Helping to Restore Catholic Liberal Education

Mary and Bill McInerney of Oakland, Calif., first started dating when the two were attending separate Bay Area Catholic colleges in the late 1940s. Introduced to him by her cousin, Mary enjoyed Bill’s great sense of humor. She was delighted when he was elected as his college’s student body president, in no small part because as a perk of office, he was invited to social events at neighboring Catholic campuses — and so was she, as his date. The couple remembers Saturday-night dances followed by late-night hamburgers and milkshakes, then meeting up again the next morning for Sunday Mass.

“They were Catholic colleges, we were Catholic kids, and our family and friends were Catholic. It was wonderful,” recalls Mrs. McInerney. “The faith that our parents had handed on to us was also given to us in the colleges. It was still there.”

Hoping to re-create the joyful, faith-filled experience of their own undergraduate days, for nearly 40 years the McInerneys have been members of the President’s Council — Thomas Aquinas College’s financial backbone, consisting of hundreds of loyal benefactors who contribute $1,000 or more annually to the College’s financial aid fund. In the College, Mr. and Mrs. McInerney see truly Catholic, authentically liberal education at its best. “This is the way a Catholic college should really be conducted,” Mr. McInerney says.

Divided Loyalties

The McInerneys first learned of Thomas Aquinas College in the late 1960s through their friend John Schaeffer, a founding member of the Board of Governors. “When we were at John and Jane’s house, they would almost invariably have someone over from the College,” Mr. McInerney remembers. “John’s enthusiasm about the College was appealing to us, and as a consequence we became more involved.”
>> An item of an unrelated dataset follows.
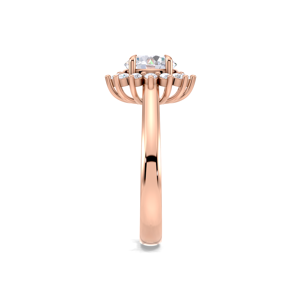 แหวนหมั้นเพชรทรงกลม 1.25 กะรัต ดีไซน์ดอกทานตะวัน ประดับเพชรรอบวง ตัวเรือนทอง 9K สีเหลือง ขาว และโรสโกลด์ พร้อมแหวนแต่งงานคลาสสิกสำหรับผู้หญิง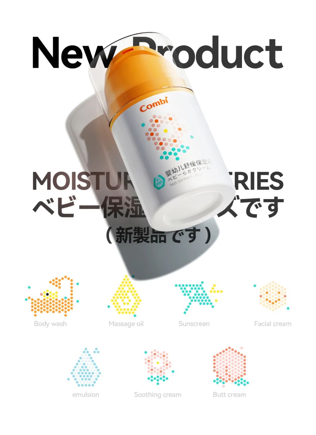 在“康贝品牌包装设计策划方案”中,大可营销将康贝品牌的核心元素与团队的创新理念进行了完美融合:康贝婴儿护理包装系列产品的核心成分是聚谷氨酸,它是谷氨酸的一个结构单元,个体结构的形状为六边形。大可营销巧妙地将这些六边形图案组合起来,形成了一系列具有整体视觉概念的包装设计,不同的组合方式也向消费者一目了然地传达出产品的不同功效和使用场景。这种视觉概念的组合具有非常好的延展性,为客户和品牌的后续交流形成了强大的视觉记忆系统。

Nonetheless, Mr. McInerney found himself “in a very difficult position.” As former president of his own college’s alumni association, his loyalties were increasingly split between the school he had attended and the nascent one he was coming to admire. Yet this tension dissipated as his alma mater sadly went the way of so many Catholic institutions in the 1960s and 1970s, gradually shirking its fidelity to the Magisterium and teaching of the Catholic faith.
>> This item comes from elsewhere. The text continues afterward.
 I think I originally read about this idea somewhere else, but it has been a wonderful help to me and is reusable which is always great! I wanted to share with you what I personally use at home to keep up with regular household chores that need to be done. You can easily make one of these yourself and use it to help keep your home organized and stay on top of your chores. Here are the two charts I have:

“It wasn’t all in one fell swoop, but it was one thing after another,” Mr. McInerney recalls. “I became slowly disenchanted.” Seeing the schools they had loved fade “was very painful,” says Mrs. McInerney, but the pain was eased by the establishment of a new college that they could support without reservation, not out of blind loyalty, but out of a sincere belief in its mission. As time went on, “We became more attached to Thomas Aquinas College,” says Mr. McInerney, and a decades-long friendship took root.

Renewed Hope

Over the years, the McInerneys have paid close attention as the College has grown, both in size and in reputation, while remaining true to its founding ideals. “It’s a completely different atmosphere at Thomas Aquinas College,” says Mr. McInerney, “in the way students conduct themselves, in the way they study, in the fact that it’s truly a Catholic school.” The entirety of the College is ordered to the Faith, his wife adds. “The symmetry and the serenity of the campus is beautiful. You feel like everything there is headed toward the Catholicity of the College.”

Above all, though, the McInerneys have admired the students and graduates they have met on their regular trips to campus. In 2009, they came for the dedication of Our Lady of the Most Holy Trinity Chapel and enjoyed seeing “all the alumni — fathers and mothers of four, and five, and six children, little babies — don’t tell me that doesn’t absolutely impress a grandmother!” says Mrs. McInerney. “To see all these wonderful families, you know there’s hope for our church; there’s hope for our country.”

Themselves the parents of 4 and the grandparents of 15 (who, the McInerneys gratefully note, all live within 10 miles of their home), they still find time for extensive charitable endeavors. An attorney, Bill has been president of the Hanna Boys Center and St. Anne’s Little Sisters of the Poor, and currently he is president of the Malta Free Clinic on the campus of the Cathedral of Christ the Light in Oakland. Mary has been active in St. Teresa’s Parish and School, president of the St. Ignatius Mothers Club, board member of Bellarmine High School, and vice president and chairman of the Defense of the Faith Committee for the Western Association of the Order of Malta.

In addition to their membership in the President’s Council, they are members of Legatus, and with the Order of Malta, have brought malades on 21 pilgrimages to Lourdes. Most summers, they also participate in one of the College’s annual Great Books Seminar Weekends, during which President’s Council members study and discuss foundational works of Western civilization alongside members of the teaching faculty.

“Mary and Bill McInerney are amazing in their generosity to the students of Thomas Aquinas College,” says Robert Bagdazian, the College’s director of development. “For 40 years, they have been devoted President’s Council members. We could not ask for better friends.”